**TASK DETAILS:** Both ends included, restate word for word the lines from the first line of the listing through the line containing "Broughton, Charles. „Scena". Leave the pictures out.

**RAW DATA:**
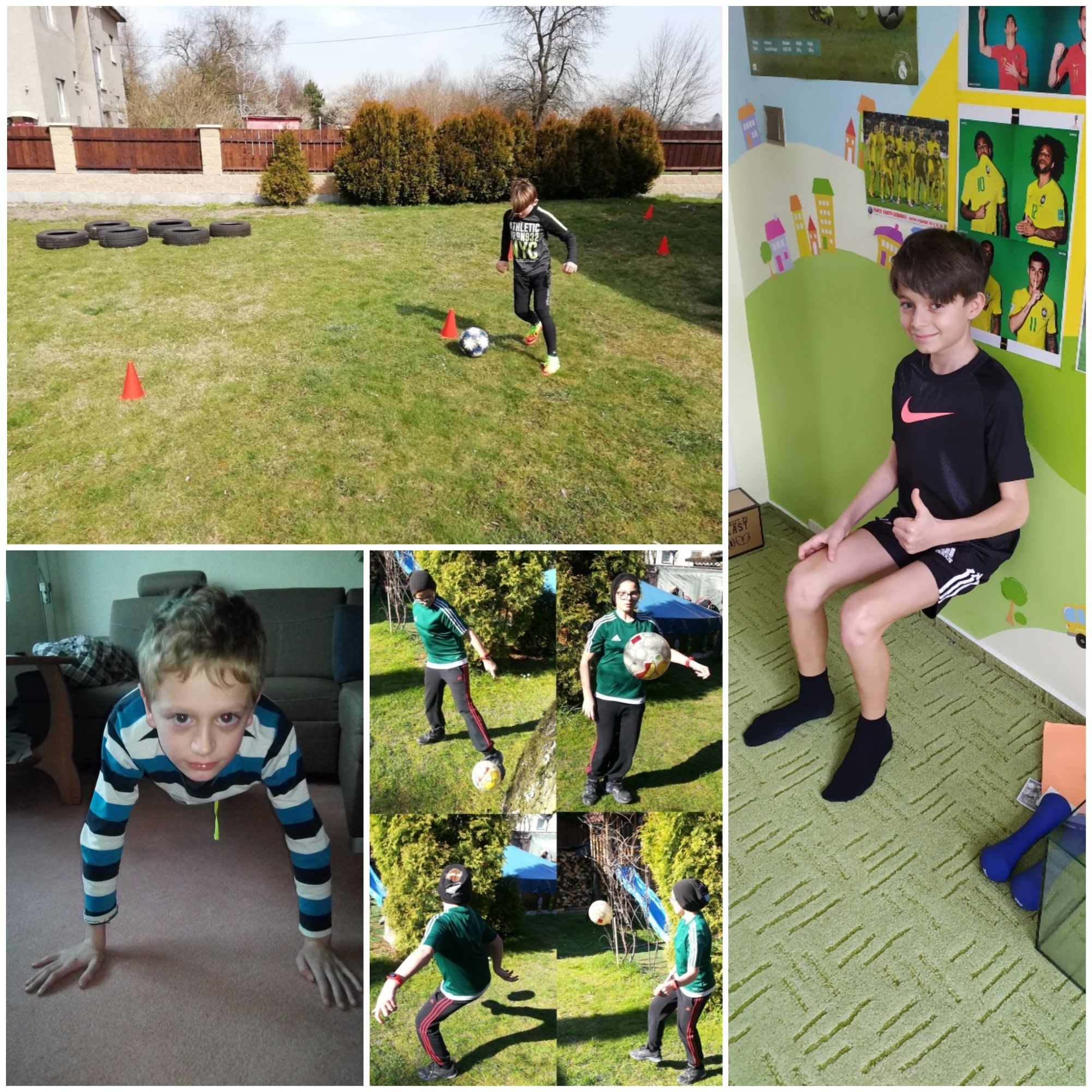 No, a zapomenout nesmíme ani na naše mladé talenty. Trenér mládeže Stanislav Bártl ze snímků našich malých fotbalistů vytvořil zajímavé koláže, z nichž je patrné, že trénovat se dá i doma. Ale na hřišti je to lepší, viďte kluci? Tak se tam snad brzy zase uvidíme!
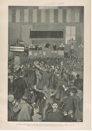 Broughton, Charles. „Scena recentă de panică de la Bursa de Valori din New York în dimineața zilei de vineri, 5 mai.” 1893. Fotografie. Biblioteca Congresului, Washington, DC
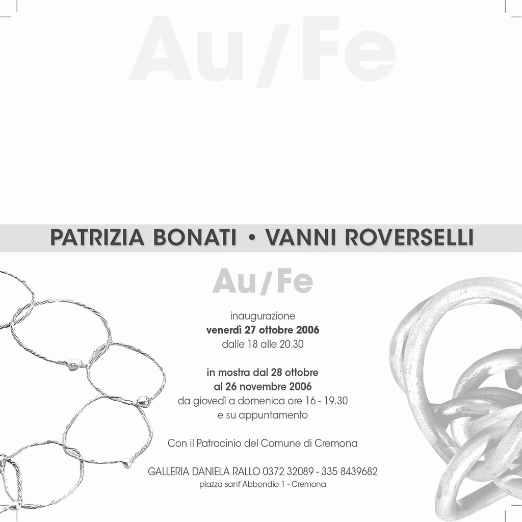Mentre le collane in oro della Bonati si allungano all’inverosimile e i suoi anelli si inerpicano sul dorso della mano, le sculture in ferro di Roverselli diventano anelli nodi di un certo peso, fissati alla parete. Il gioiello diventa scultura e la scultura diventa gioiello.

**EXERCISE SOLUTION:**
 No, a zapomenout nesmíme ani na naše mladé talenty. Trenér mládeže Stanislav Bártl ze snímků našich malých fotbalistů vytvořil zajímavé koláže, z nichž je patrné, že trénovat se dá i doma. Ale na hřišti je to lepší, viďte kluci? Tak se tam snad brzy zase uvidíme!
 Broughton, Charles. „Scena recentă de panică de la Bursa de Valori din New York în dimineața zilei de vineri, 5 mai.” 1893. Fotografie. Biblioteca Congresului, Washington, DC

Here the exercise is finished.